* Description of the task:
Your answer must be a word-for-word copy of the listing below, minus its pictures.

* Dataset content:
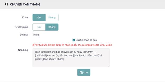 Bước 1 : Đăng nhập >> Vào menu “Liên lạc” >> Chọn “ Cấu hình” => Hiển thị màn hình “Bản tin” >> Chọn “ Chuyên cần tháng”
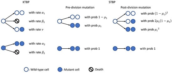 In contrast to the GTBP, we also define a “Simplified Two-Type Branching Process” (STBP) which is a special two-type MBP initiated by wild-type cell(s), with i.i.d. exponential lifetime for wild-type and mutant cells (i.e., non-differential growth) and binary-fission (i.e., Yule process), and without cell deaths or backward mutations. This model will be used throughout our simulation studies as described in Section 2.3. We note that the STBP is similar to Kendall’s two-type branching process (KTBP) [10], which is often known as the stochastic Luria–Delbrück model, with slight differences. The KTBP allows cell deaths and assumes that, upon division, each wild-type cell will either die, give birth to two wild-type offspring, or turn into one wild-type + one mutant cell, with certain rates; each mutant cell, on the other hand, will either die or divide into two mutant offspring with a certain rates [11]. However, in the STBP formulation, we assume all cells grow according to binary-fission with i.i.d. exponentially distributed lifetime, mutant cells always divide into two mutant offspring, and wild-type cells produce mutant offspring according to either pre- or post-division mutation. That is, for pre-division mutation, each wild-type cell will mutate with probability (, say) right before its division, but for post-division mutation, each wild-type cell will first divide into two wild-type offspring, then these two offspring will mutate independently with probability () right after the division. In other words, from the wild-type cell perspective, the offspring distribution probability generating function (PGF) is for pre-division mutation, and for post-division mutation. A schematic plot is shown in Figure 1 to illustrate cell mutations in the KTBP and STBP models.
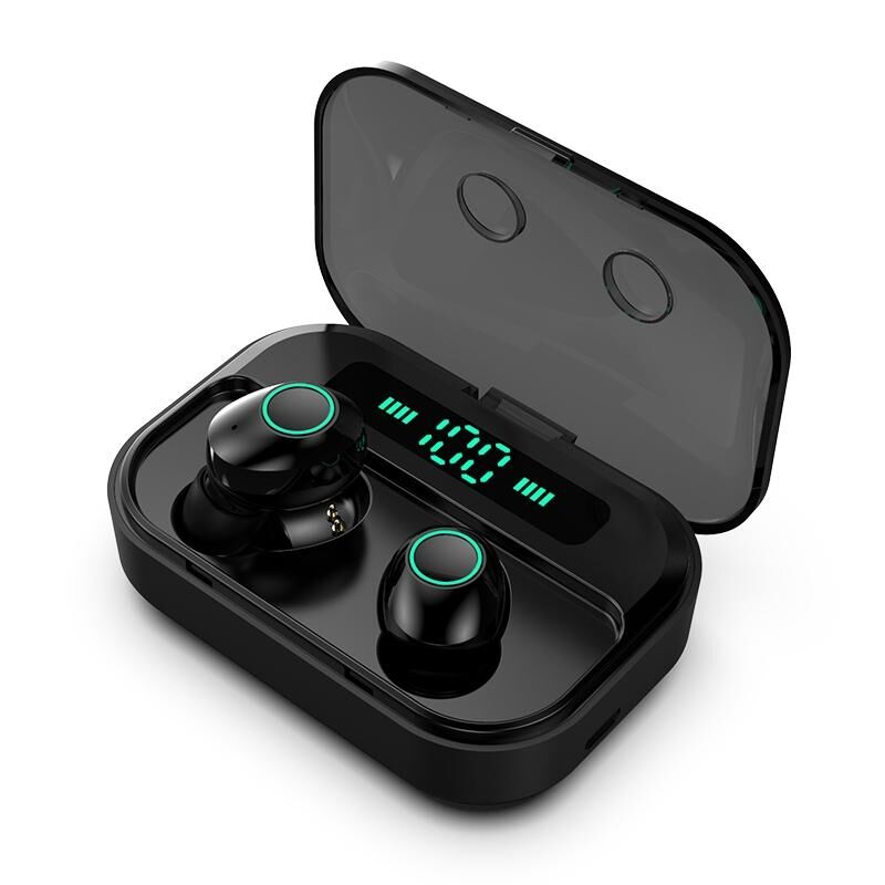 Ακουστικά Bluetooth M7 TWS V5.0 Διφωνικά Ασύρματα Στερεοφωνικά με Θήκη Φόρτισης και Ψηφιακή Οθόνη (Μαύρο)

* Output below:
 Bước 1 : Đăng nhập >> Vào menu “Liên lạc” >> Chọn “ Cấu hình” => Hiển thị màn hình “Bản tin” >> Chọn “ Chuyên cần tháng”
 In contrast to the GTBP, we also define a “Simplified Two-Type Branching Process” (STBP) which is a special two-type MBP initiated by wild-type cell(s), with i.i.d. exponential lifetime for wild-type and mutant cells (i.e., non-differential growth) and binary-fission (i.e., Yule process), and without cell deaths or backward mutations. This model will be used throughout our simulation studies as described in Section 2.3. We note that the STBP is similar to Kendall’s two-type branching process (KTBP) [10], which is often known as the stochastic Luria–Delbrück model, with slight differences. The KTBP allows cell deaths and assumes that, upon division, each wild-type cell will either die, give birth to two wild-type offspring, or turn into one wild-type + one mutant cell, with certain rates; each mutant cell, on the other hand, will either die or divide into two mutant offspring with a certain rates [11]. However, in the STBP formulation, we assume all cells grow according to binary-fission with i.i.d. exponentially distributed lifetime, mutant cells always divide into two mutant offspring, and wild-type cells produce mutant offspring according to either pre- or post-division mutation. That is, for pre-division mutation, each wild-type cell will mutate with probability (, say) right before its division, but for post-division mutation, each wild-type cell will first divide into two wild-type offspring, then these two offspring will mutate independently with probability () right after the division. In other words, from the wild-type cell perspective, the offspring distribution probability generating function (PGF) is for pre-division mutation, and for post-division mutation. A schematic plot is shown in Figure 1 to illustrate cell mutations in the KTBP and STBP models.
 Ακουστικά Bluetooth M7 TWS V5.0 Διφωνικά Ασύρματα Στερεοφωνικά με Θήκη Φόρτισης και Ψηφιακή Οθόνη (Μαύρο)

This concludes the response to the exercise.